The Regulatory Conundrum: What’s the Solution?
This predicament leaves regulators in a challenging position. Aaron Roth admits he doesn’t have a simple answer. Banning ‘no-swap-regret’ algorithms outright seems counterproductive, as their widespread adoption would likely lead to lower prices. Yet, a simple nonresponsive strategy might be the most logical choice for a seller on a platform like Amazon, even if it carries the risk of regret for the seller if market conditions change dramatically.
Roth’s observation that "One way to have regret is just to be kind of dumb. Historically, that hasn’t been illegal" underscores the disconnect between economic outcomes and legal definitions. What looks like collusion from an economic standpoint might not meet the legal threshold for illegal activity if no intent or agreement can be proven.
Jason Hartline offers a more direct, albeit potentially controversial, solution: ban all pricing algorithms except for the favored ‘no-swap-regret’ algorithms. He believes this is practically achievable, citing work from his 2024 paper that proposes methods to verify an algorithm’s ‘no-swap-regret’ property without scrutinizing its source code.

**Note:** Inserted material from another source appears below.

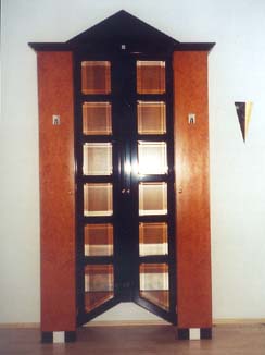 Vitrine in Vogelaugenahorn mit Marmorintasien und schwarz lackierten Sprossentüren

Hartline argues that scenarios like the one described by Roth aren’t true algorithmic collusion because collusion, by definition, is a ‘two-way thing.’ It requires that a single player could choose not to collude. In his view, the nonresponsive strategy doesn’t inherently collude; it merely exploits the predictable behavior of another algorithm.
The Road Ahead: Uncharted Territory in Algorithmic Pricing
Regardless of the proposed solutions, the new research undeniably opens a complex discussion about the subtle ways algorithmic pricing can harm consumers. As economist Mallesh Pai of Rice University notes, "We still don’t understand nearly as much as we want. It’s an important question for our time." The challenge lies in developing regulatory frameworks that can adapt to the evolving sophistication of algorithms and ensure fair competition in the digital marketplace, even when the ‘conspirators’ are lines of code and the ‘threats’ are mathematical probabilities.
The original version of this story was published by Quanta Magazine, an editorially independent publication of the Simons Foundation. This rephrased article aims to make these complex ideas accessible and engaging for a wider audience.